Chapter 34. CIEE buat kita semua

560 96 62
                                    

Hae :)








.....

Langit melukis jingga dengan warna yang paling indah, beberapa burung merpati yang entah milik siapa tengah mengepakan sayap dengan bebas, juga sensasi dingin yang menyegarkan saat angin berhembus dan menghapus keringat menjadi momen yang menenangkan lagi menyenangkan.

Sama seperti tahun sebelumnya, pentas seni dengan megah dan meriah diadakan selama dua hari. Di hari pertama ini, semuanya berjalan dengan cukup mulus. Hanya ada beberapa masalah kecil yang bisa diselesaikan dengan cepat tanpa merusak keseluruhan acara.

Mempertimbangkan fakta kalau hari esok adalah puncak acara, sebagian pengurus osis yang khawatir bangun kesiangan memilih untuk menetap dan menginap di sekolah. Tapi bagi Seungmin pribadi, dia ada di sini murni karena ingin mengecap sendiri rasanya bermalam di sekolah.

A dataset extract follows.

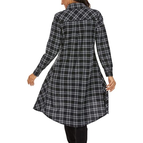 OLRAIN Womens New Plaids Irregular Hem Casual Shirt Dress

Saat malam tiba, dia membungkus tubuhnya dengan sarung motif kotak-kotak entah milik siapa dan bergabung di teras sekretariat bersama yang lainnya.

Memangku gitar dan memetik senarnya dengan ahli, Chan bernyanyi dengan suara lembutnya, "Mungkin butuh kursus merangkai kata untuk bicara. Dan aku benci harus jujur padamu, tentang semua ini."

Duduk berhadapan dengannya, Seungmin memperhatikan bagaimana Chan bermain gitar, dan mengiringi permainannya dengan suara kecil, "Jam dinding pun tertawa karna ku hanya diam dan membisu."

"Ingin kumaki! Diriku sendiri!! Yang tak berkutik di depanmu!!!!" Changbin dan Beomgyu tampak bersemangat.

Daewhi memegang botol akua sebagai mikrofon, berseru, "Epribadi sing!"

"Ada yang lain disenyummu yang membuat lidahku gugup tak bergerak. Ada pelangi dibola matamu seakan memaksa dan terus memaksa, ada pelangii!!!!"

Alih-alih nada tinggi, mereka berteriak sampai urat tercetak dileher masing-masing. Chan tertawa tanpa suara tapi petikan gitarnya masih terjaga dengan baik. Sehabis berteriak, mereka semua yang ada di sana seketika berdeham, siap untuk menyanyikan untuk yang terakhir dengan penuh perasaan.

Chenle dan Wonjin sampai melambaikan tangan ke kanan dan kiri seperti penonton bayaran, ingin memberi efek ala ala.

"Ada yang lain disenyummu yang membuat lidahku gugup tak bergerak. Ada pelangi dibola matamu dan memaksa diri tuk bilang aku sayang padamu~ aku sayang padamu~"

Lagu berakhir bersamaan dengan pak satpam yang menyuruh mereka untuk masuk ke dalam sekretariat dan bersiap tidur karena sudah pukul sepuluh malam. Mau tidak mau, mereka menurut.

Tapi yang namanya anak muda, beberapa di antara mereka memanfaatkan lampu yang sudah dimatikan sebagai latar untuk menonton film di laptop dengan volume seminimal mungkin supaya tidak ketahuan.

Sementara mereka asyik menonton insidius, Seungmin sudah bertransformasi menjadi ulat kotak-kotak. Dia menghadap ke tembok, memunggungi Hyunjin yang masih terlihat berkedip dan Chan yang berkelana ke dream land sambil mendengkur. Maklum, paketos kita teramat lelah.

Tapi karena merasa pengap, Seungmin mengubah arah untuk berbalik dan berbaring menyamping ke arah Hyunjin. Dengan cahaya yang minim, dia masih bisa menangkap bagaimana Hyunjin yang berkedip dengan lambat.

"Mikirin apa?"

Hyunjin tersentak. Menyamping ke arah Seungmin, dia tersenyum kecil, "Enggak mikirin apa-apa, cuman ngelamun. Ko belum tidur Wid?"

Secara alami, Seungmin balas menatap Hyunjin. Namun mata Hyunjin terhalang beberapa helai anak rambut. Tangannya terulur untuk merapihkan anak rambut itu dan berkomentar terlepas dari kesadarannya, "Udah panjang."